Karena alasan itu dan lain yang
bersifat pribadi, saya mengutak-atik nama sendiri. Biasanya seseorang yang
beranjak dewasa kerap memberi dirinya nama baru menggantikan nama pemberian
orang tua. Ada yang benar-benar menepikan nama lama dan lebih suka dipanggil
dengan sebutan baru. Contohnya Umar, yang lebih suka dipanggil Vradtar. Ada
yang bertahan dengan nama lama tetapi mengusahakan pemaknaan baru, seperti
mengutak-atik nama lama dengan penyelewengan bunyi, misal Lukman menjadi Lukem,
atau permainan akronim seperti teman saya Faiq Aziz yang antusias
memperkenalkan diri sebagai Fazaz, dlsb.
Fenomena ini wajar nama adalah
ekspresi paling sederhana dari faktisitas. Kita tidak bisa memilih akan dinamakan
apa. Karena itu, sebagai makhluk yang eksistensialis, manusia kemudian
membentuk identitas baru, mencari nama yang dinilai lebih mengekspresikan
sisi-sisi unik dari dirinya.
Tapi sebenarnya saya sedang ingin
membicarakan nama blog saya, blog yang sedang saya pertimbangkan untuk
diganti nama menjadi poetrasophia.blogspot.com, atau dikebumikan saja selamanya.

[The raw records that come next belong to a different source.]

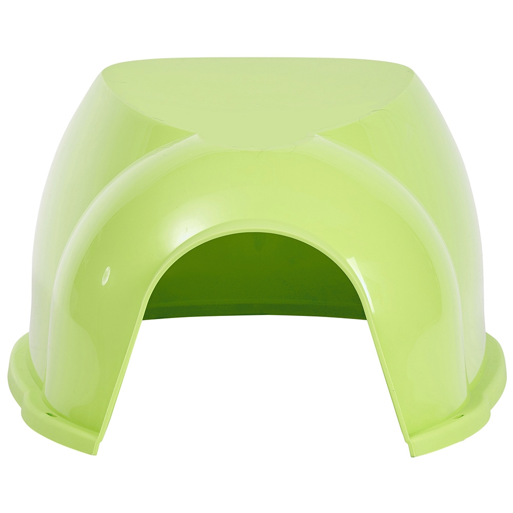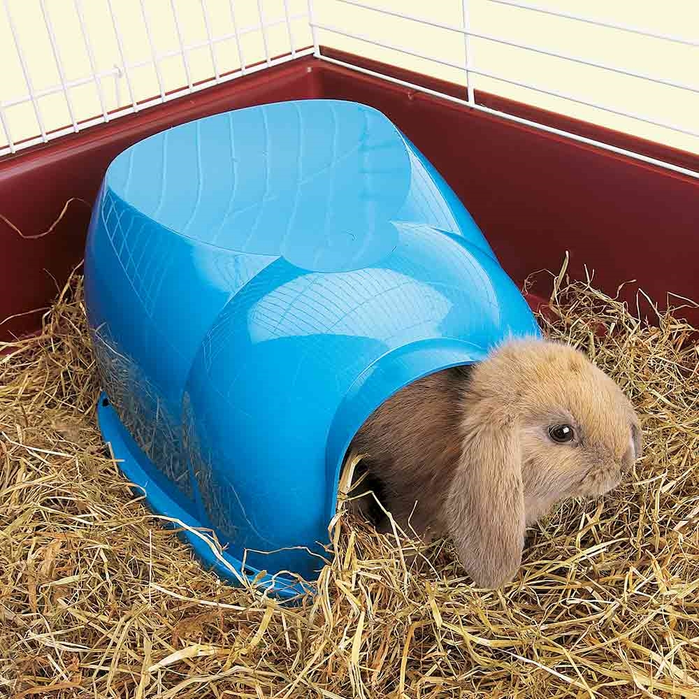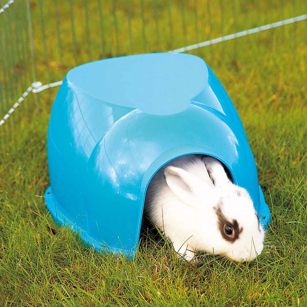 Plastik skjul til dværgkaniner, marsvin og andre mindre gnavere. Skjulet er blåt eller limegrønt.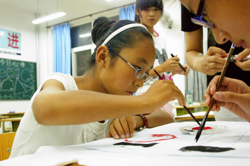 在短暫卻不平凡的幾天內,經濟學院的成員們滿懷信心,為孩子們送去了熱情周到的服務和精彩有趣的課程。今天,為更好地培養孩子們的動手能力和創造力,成員們開展了與孩子一起繪制文化衫的活動。孩子們在老師的指引下,積極拿起手中的畫筆用心繪制;還有的孩子活學活用,將京劇文化課上學到的臉譜繪畫展現了出來。當原本空白的衣服上出現一個個有生命的圖案時,心手相連的我們一同露出滿足的笑容。孩子們用稚嫩的畫筆描繪出對祖國的一片熱愛,繽紛了夢想和希望。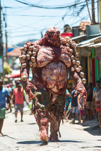 A full-body photo of an extremely large man made entirely out of meat, covered in baby heads, walking through the slums of Rio. --ar 2:3 --quality 2 --v 6.1 --no people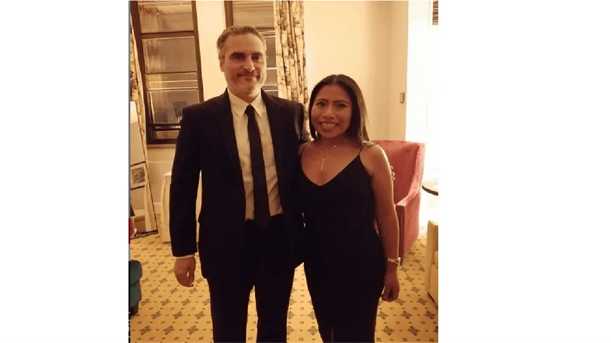 Ciudad de México.- La actriz mexicana Yalitza Aparicio, protagonista de la película Roma, compartió una fotografía con el actor estadunidense Joaquin Phoenix, quien interpreta al villano “Joker” en la cinta homónima, personaje que es el gran enemigo de "Batman".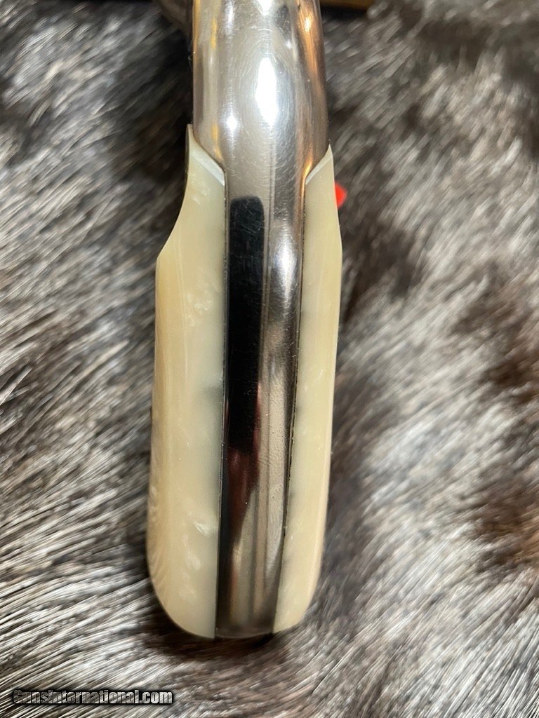 SOLD Handgun Caliber: .45 Colt Manufacturer: Uberti Model: Schofield Nickel w/ Pearl Serial Number: F21669 Barrel Length: 3.5 Condition: New |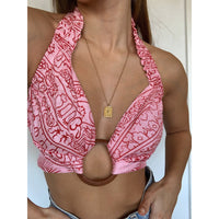 El diseño de este top permite atarlo de distintas maneras. (Lo entregamos con un aro para uno de los atados)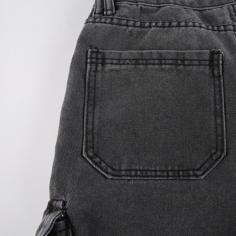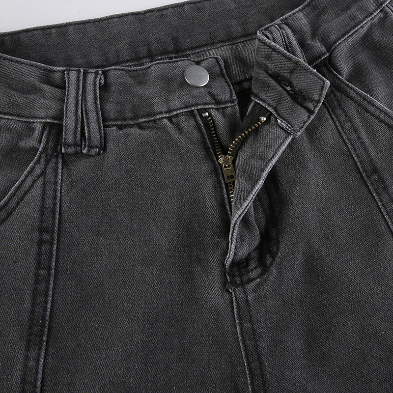 Asymmetric diagonal waist placket jeansUS$ 21.48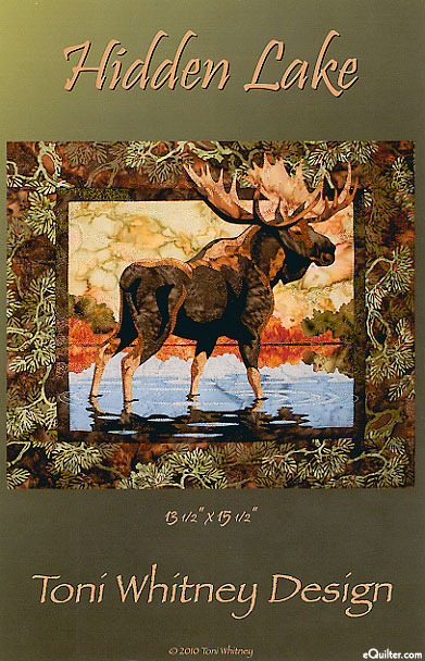 As if captured with a telescopic lens this moose will be a great addition to your existing artwork. This is a wonderful pattern to showcase vibrant batiks and hand-dyes! Fabric requirements include a variety of pieces no larger than 7" x 12" for moose, reflection in the water and scenery; 9 3/4" x 12" for background; 1/3 yd for border and binding; 18" x 20" for backing; 18" x 20" of low loft batting; 16" x 27" of Lite Steam A Seam; 12" x 13" piece of clear vinyl. 'Hidden Lake' pattern by Toni Whitney Design, finished pattern is about 13 1/2" x 15 1/2".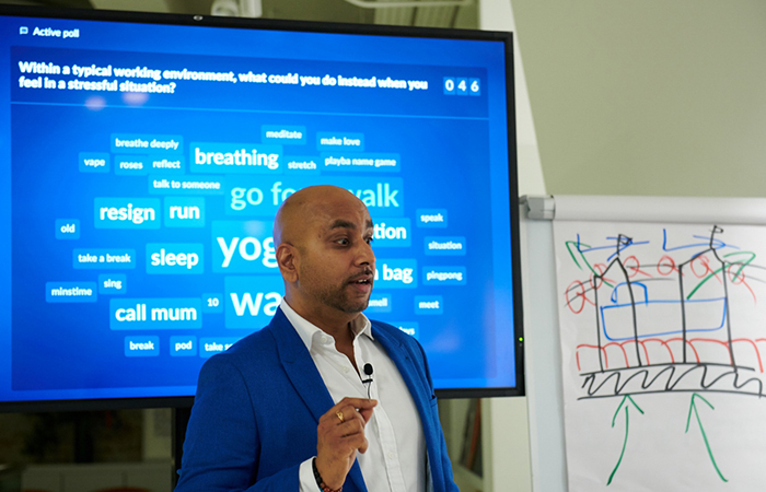 Stress guru Neil Shah explained that our typical response of turning to stimulants (such as caffeine, refined sugar, nicotine and alcohol) at times of pressure exasperates the problem. As an alternative he shared breathing techniques and ways to help individuals define and articulate their stress levels.
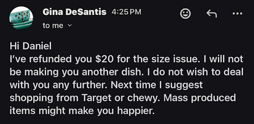 After some searching, I found Gina DeSantis Ceramics, which listed their larger size as 9 inches. I placed an order for a large custom bowl, which cost about $100, and I was very excited—until it arrived. The bowl was actually slightly smaller than 8 inches, closer to their 7-inch medium bowl. I reached out to Gina DeSantis Ceramics about the issue, and their response was a brief: “All sales are final and all sizes are clearly listed. You got what you ordered.”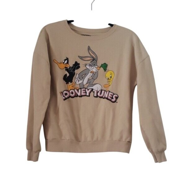 Looney Tunes Womens Graphic Beige Sweater Size M Kidcore Nostalgia Lounge Comfy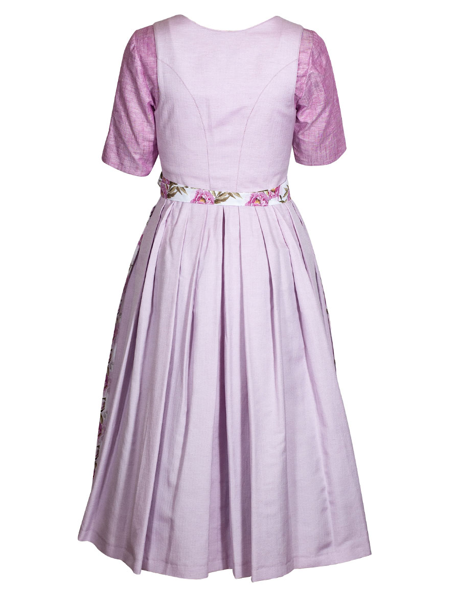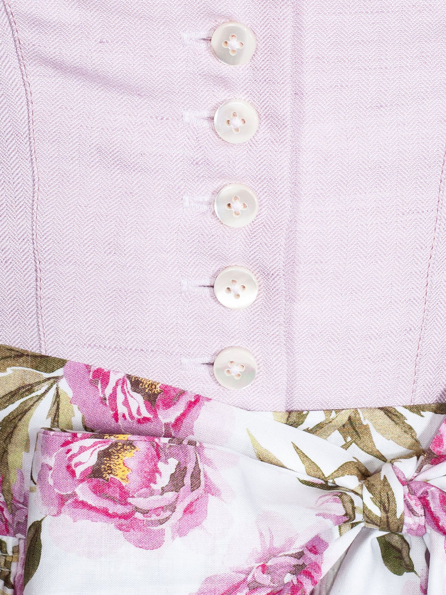 Rosefarbenes Dirndlkleid mit zwei Rocktaschen der Firma Hammerschmid. Der Dirndlstoff ist im Fischgradmuster gewebt. Geschlossen wird das schlichte Oberteil mit weißen Perlmutt-Knöpfen. Die helle Schürze ist im Allover-Print mit großen pinkfarben Blumen bedruckt. Ein wunderschönes freundliches Sommerdirndl.

Bagian pertama dari nama itu,
poetra, adalah potongan dari nama belakang. Saya sengaja menulisnya dengan
ejaan lama (u ditulis dengan oe) untuk mewadahi kata yang “gw banget” dalam
bahasa Inggris, poet (bermakna pujangga), menjadi bagian dari akronim yang
menamai blog saya.
Pelajar atau yang pernah membaca
tentang filsafat tentu familiar dengan bagian kedua akronim itu, sophia. Itu adalah
bagian kedua dari frase(atau akronim?) philosophia, istilah filsafat dalam
bahasa aslinya, Yunani. Sophia bermakna kearifan.
Maka, akronim itu bermakna
kearifan milik pujangga, atau kearifan puitis. Barangkali secara semantis,
akronim itu tidak absah karena berasal dari dua bahasa yang berbeda. Tapi di
dunia pasca modern seperti saat ini, ketika infiltrasi bahasa asing dan
aktifitas pengaruh-mempengaruhi antar bahasa tak dapat dihindari, perkawinan
antar bahasa lumrah terjadi. Kita melihat banyak sekali penyelewengan kaidah-kaidah tradisional di internet. Muncul gaya bahasa baru yang sangat mengedepankan efisiensi, dan karena itu bahasa alay muncul. Pasalnya, faktor kecepatan kini menjadi pertimbangan utama dalam dunia informasi.
Jadi, terima saja ya akronim aneh itu dengan lapang dada, hehe.